Simón Veléz: revolution in bamboo

November 2009 -

"Simón Vélez's aesthetic and technical innovations in bamboo have enhanced it construction potential and challenged mainstream architectural trends" says the jury report of the Prins Claus Fund that awarded the Principal Prins Claus Prize 2009 to the Colombian architect in September 2009.


Simón Veléz. (Photo: Pedro Franco)

Veléz became world famous with his fourteen-metre bamboo structure for the World Fair in Germany in 2000. Bamboo, a material that has been used in Colombia as well as other parts of the world, including Hawaii and Vietnam, in local architecture for centuries, offers both architectural and ecological advantages. "Bamboo is natural steel, with which I can achieve the same things that an engineer does with steel, because they both offer the same resistance," says the Colombian architect. After years of study, he triggered a revolution in the early eighties by using the material. "In local construction methods, the bamboo sticks were connected using natural fibres. The humid and hot climate, however, eroded the stability of the structure over time. By filling the hollow bamboo sticks with gravel and connecting them with rivets, I achieved the same durability achieved by using concrete or steel. Bamboo is also an inexpensive material that is extremely resistant to earthquakes."
Museo Nomado in Mexico (Photo: Ashes Snow)

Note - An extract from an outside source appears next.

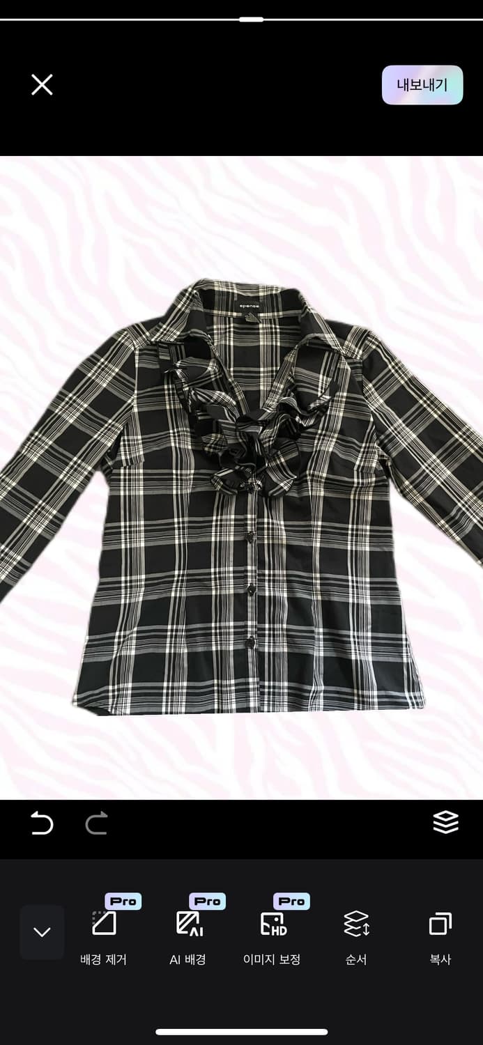갸루깔의 프릴 체크 셔츠입니다 ! 상의 55 기준 적당히 붙는 핏입니다 프릴이 너무 예쁘구요 ..💕 브이넥으로 목이 트여있어서 안답답해보여요 !!

Throughout the world Veléz is now considered an avant-garde architect who is virtually solely responsible for innovating the use of a natural material in ingenious ways. Successfully. He builds all over the world, and many other architects utilise his revolutionary method. German architect Joerg Stamm, for example, built a fifty-metre bridge in Bali that can be traversed by freight trucks without difficulty.

"Bamboo is a building material with a high technological value. Perhaps even more important, however, is the fact that it is an ecological and inexpensive alternative that nature produces virtually for free. When you buy steel you are enriching people who already have enough money. But when you buy bamboo, you support financially impoverished farmers who really need the income. That is why the use of this natural material is also socially motivated," says Veléz.